══ Data excerpts

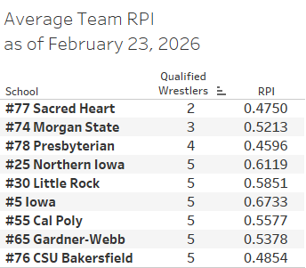 Wrestlestat lists RPIs for 79 of 78 D1 teams.
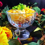 Салат выглядит привлекательно. Желток и белок добавляют салату ярких красок, помидоры освежают вкус, и в комбинации с мясом и сыром получается достаточно сытная закуска.
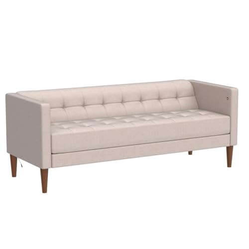 ZINUS Pascal Divano con porte USB, Anni '50, Montaggio facile e senza utensili, Imbottitura capitonné, Braccioli smoking, Piedini affusolati, Divano in una confezione, Beige chiaro
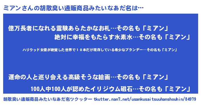 | ヒーロー風カッコイイあだ名 | 『仮面ミアダー』『スーパーミアン』 |
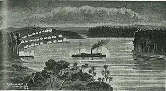 The catalyst for the First Taranaki War was the disputed sale to the Crown of a 240 hectare block of land at Waitara, despite a veto by the paramount chief of Te Āti Awa tribe, Wiremu Kīngi Te Rangitāke, and a "solemn contract" by local Māori not to sell. Governor Browne accepted the purchase with full knowledge of the circumstances and tried to occupy the land, anticipating it would lead to armed conflict, and a demonstration of the substantive sovereignty the British believed they had gained in the Treaty of Waitangi. Hostilities began on 17 March 1860. The war was fought by more than 3,500 imperial troops brought in from Australia, as well as volunteer soldiers and militia, against Māori forces that fluctuated between a few hundred and about 1,500.[21] In response to a call from Governor Browne for reinforcements, the Victorian Government sent its first and only warship, HMVS Victoria, to supply men and perform shore bombardments and coastal patrols, while maintaining supply routes between ports. Sailors from the crew served ashore in combat, and in August 1860, the Victoria rescued 100 civilians from the besieged town of New Plymouth. The ship's service in the First Taranaki War marks the first time an Australian military unit committed to active service overseas, and is today recognised by the Royal Australian Navy as its earliest battle honour.[34]

════

§ **Task goal**
What you return must match the entries above exactly, apart from the pictures, which are left out.

§ **Task result**
 Wrestlestat lists RPIs for 79 of 78 D1 teams.
 Салат выглядит привлекательно. Желток и белок добавляют салату ярких красок, помидоры освежают вкус, и в комбинации с мясом и сыром получается достаточно сытная закуска.
 ZINUS Pascal Divano con porte USB, Anni '50, Montaggio facile e senza utensili, Imbottitura capitonné, Braccioli smoking, Piedini affusolati, Divano in una confezione, Beige chiaro
 | ヒーロー風カッコイイあだ名 | 『仮面ミアダー』『スーパーミアン』 |
 The catalyst for the First Taranaki War was the disputed sale to the Crown of a 240 hectare block of land at Waitara, despite a veto by the paramount chief of Te Āti Awa tribe, Wiremu Kīngi Te Rangitāke, and a "solemn contract" by local Māori not to sell. Governor Browne accepted the purchase with full knowledge of the circumstances and tried to occupy the land, anticipating it would lead to armed conflict, and a demonstration of the substantive sovereignty the British believed they had gained in the Treaty of Waitangi. Hostilities began on 17 March 1860. The war was fought by more than 3,500 imperial troops brought in from Australia, as well as volunteer soldiers and militia, against Māori forces that fluctuated between a few hundred and about 1,500.[21] In response to a call from Governor Browne for reinforcements, the Victorian Government sent its first and only warship, HMVS Victoria, to supply men and perform shore bombardments and coastal patrols, while maintaining supply routes between ports. Sailors from the crew served ashore in combat, and in August 1860, the Victoria rescued 100 civilians from the besieged town of New Plymouth. The ship's service in the First Taranaki War marks the first time an Australian military unit committed to active service overseas, and is today recognised by the Royal Australian Navy as its earliest battle honour.[34]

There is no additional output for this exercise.